This is leading to mixes that are compressed and one dimensional, and sound particularly bad on any system higher end than an iPod (95 percent of everything else). Here are some of the more potent quotes:
"Right now, when you are done recording a track, the first thing the band does is to load it onto an iPod and give it a listen," said Alan Douches, who has worked with Fleetwood Mac and others. "Years ago, we might have checked the sound of a track on a Walkman, but no one believed that was the best it could sound. Today, young artists think MP3s are a high-quality medium and the iPod is state-of-the-art sound."
For example, says veteran Los Angeles studio owner Skip Saylor, high frequencies that might seem splendid on a CD might not sound as good as an MP3 file and so will get taken out of the mix. "The result might make you happy on an MP3, but it wouldn't make you happy on a CD," he says. "Am I glad I am doing this? No. But it's the real world and so you make adjustments."
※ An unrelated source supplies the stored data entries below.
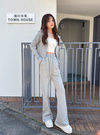 裾にかけて広がったフレアラインが女性らしさ漂うスウェットパンツ。センターピンタックを施しており、縦のラインが強調しされ美脚効果◎。
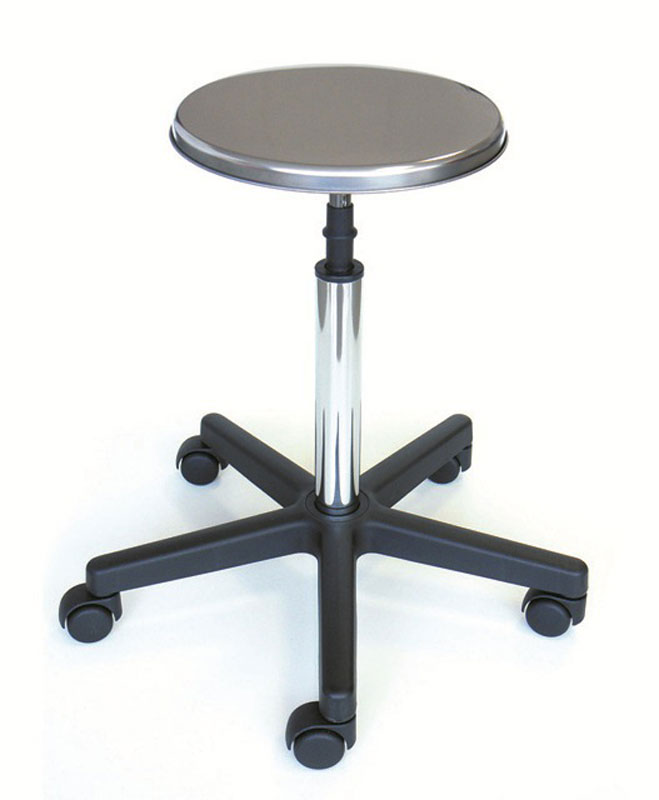 Taburete con ruedas de altura regulable (51-63 cm) fabricado en acero inoxidable AISI 304.
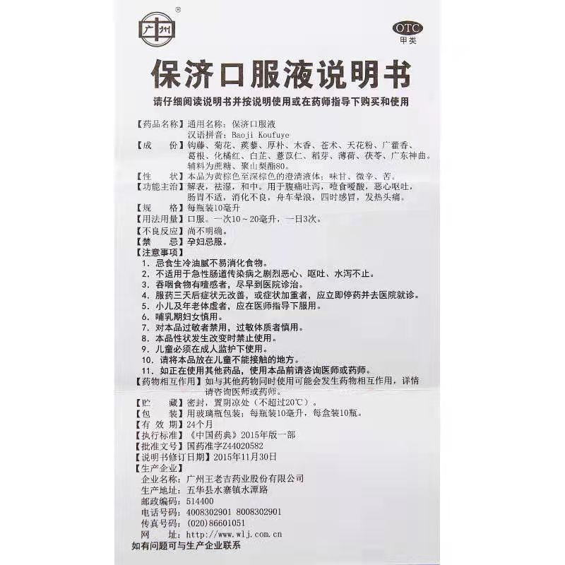 - 商品名称:王老吉 保济口服液 10ml*10瓶/盒
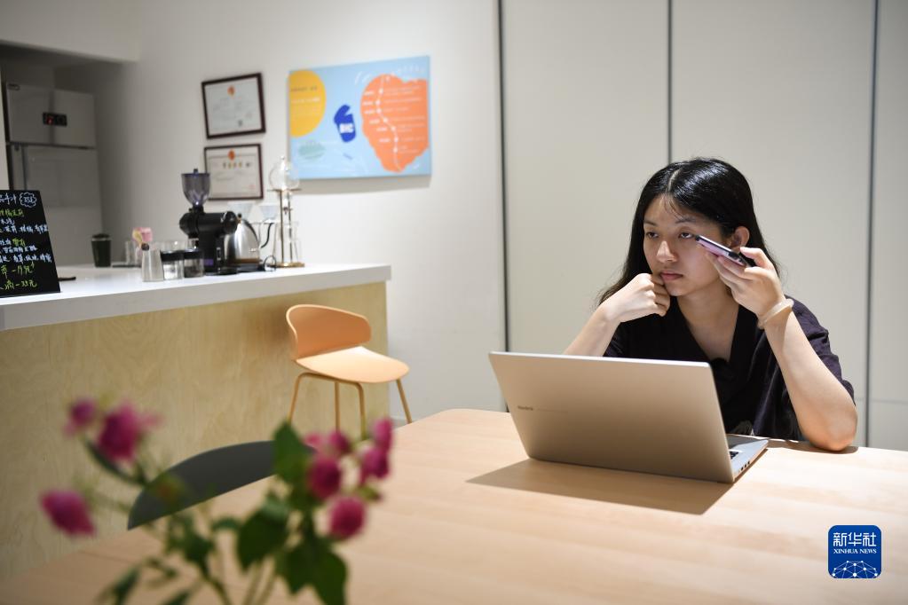 7月5日,在廣州市白云區的手心咖啡店,視障咖啡師陳柳曉在通過手機語音聽取留言。
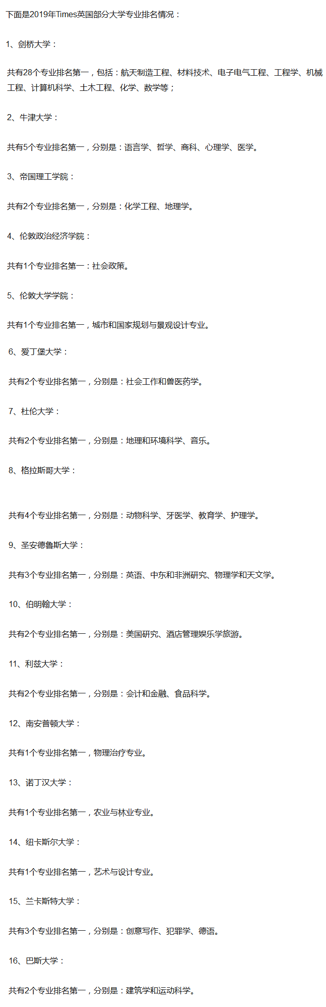 专业的排名越来越成为大多数学生考虑的主要因素之一,那么巧莹老师今天带大家了解一下泰晤士报的专业排名情况!
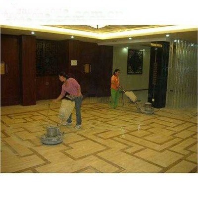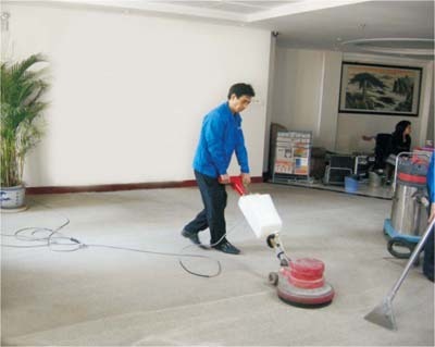 5、干泡刷洗:用装有水器、地毯刷的单盘扫地机,以干泡刷洗地毯。等清洁剂对地毯产生作用一会后,在重复刷洗工作。
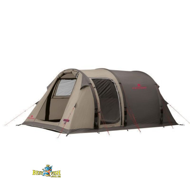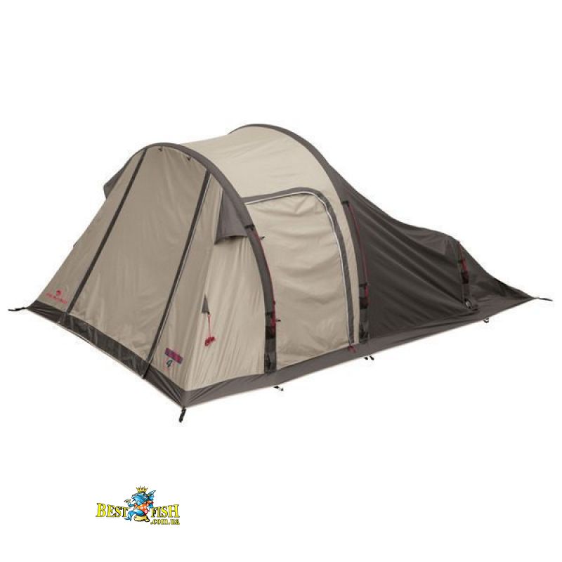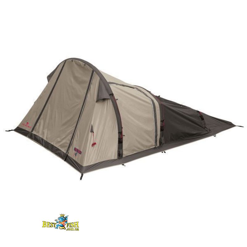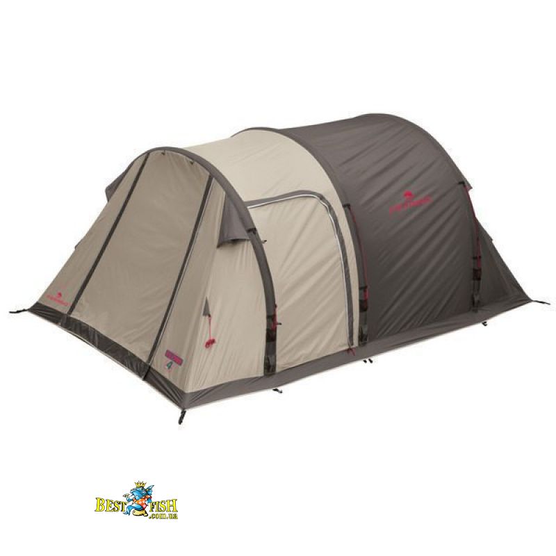 Сьогодні намети з надувним каркасом є синонімом зручності відпочинку на природі, і міцно асоціюються з комфортним кемпінгом. Намет Flow 4 Brown відноситься до серії сімейних наметів Ferrino і не залишить байдужими більшість цінителів зручності відпочинку під відкритим небом. Конструкція каркаса складається з трьох незалежних надувних арок, до яких вже приєднані зовнішній тент і внутрішній намет, що в рази прискорює і спрощує установку. Досить кількох хвилин, щоб привести намет в робоче положення за допомогою насоса. Три окремі входи виділяють цю модель серед багатьох інших кемпінгових наметів, значно спрощуючи і роблячи більш комфортним тривале проживання в ній. Flow 4 Brown має великий тамбур з двома дверима, де можна облаштувати невелику похідну кухню, розташувати розкладне ліжко, або поставити стільці для відпочинку. Чотири вентиляційних вікна, і наявність москітної сітки всіх дверей внутрішнього намету і бічних дверей зовнішнього тенту гарантують комфортний мікроклімат і відсутність комах в наметі. Додатковий комфорт надає перегородка, що розділяє внутрішній намет на два приміщення. З огляду на двошарову конструкцію, двоточкову систему штормових відтяжок і наявність статі по всьому периметру намету, ступінь водозащити цілком достатня, щоб, при правильній установці, зберегти намет всередині сухий під час дощу. Чохол намети закривається на блискавку, що дуже зручно при упаковці намети.
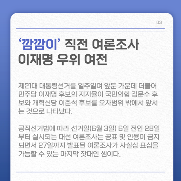 '깜깜이' 직전 여론조사 이재명 우위 여전
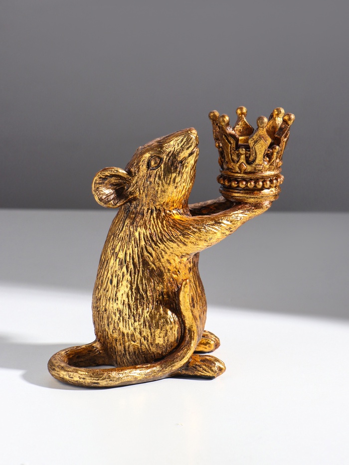 Подсвечник на 1 свечу «Мышка с короной в руках», полистоун, золото, 15.5×8×15.5 см

"Ten years ago, music was warmer; it was rich and thick, with more tones and more 'real power.' But newer records are more brittle and bright. They have what I call 'implied power.' It's all done with delays and reverbs and compression to fool your brain."
All these engineers tend to be audiophiles, the sort who would fuss over a track to make it perfect. But they're beginning to wonder if they should bother.
...engineers experience some nostalgia about earlier technologies. Says Mr. Saylor, "What we've lost with this new era of massive compression and low fidelity are the records that sounds so good that you get lost in them. "Dark Side of the Moon" -- records like that just aren't being made today."
This is so flipping sad and pathetic. And it's short sighted. Who's to say that the MP3 format and iPods aren't going to go the way of the Betamax in a few years?
As all of the reissued Beatles albums and especially the ones that were remixed (Love, the Anthology Series and Yellow Submarine) have proven, if you shoot for the highest possible sound quality at the source, no matter the popular media of the day, your audio can sound rich, warm and timeless decades after it was recorded and the artists are long gone. That was the LAW at Abbey Road studios in the 1960s.
Conversely, certain CDs, when they were first issued in the 80s and not fixed up in any way, had pops and cracks on them because some producers in the 60s and 70s knew that the vinyl LP turntable and needle based format would cover up noises and imperfections. On CDs those same 'inaudible imperfections' are loud as day.
This proved to be short sighted, so why are we doing it all over again? Come on you lazy fuckers, don't cater to the lowest possible denominator!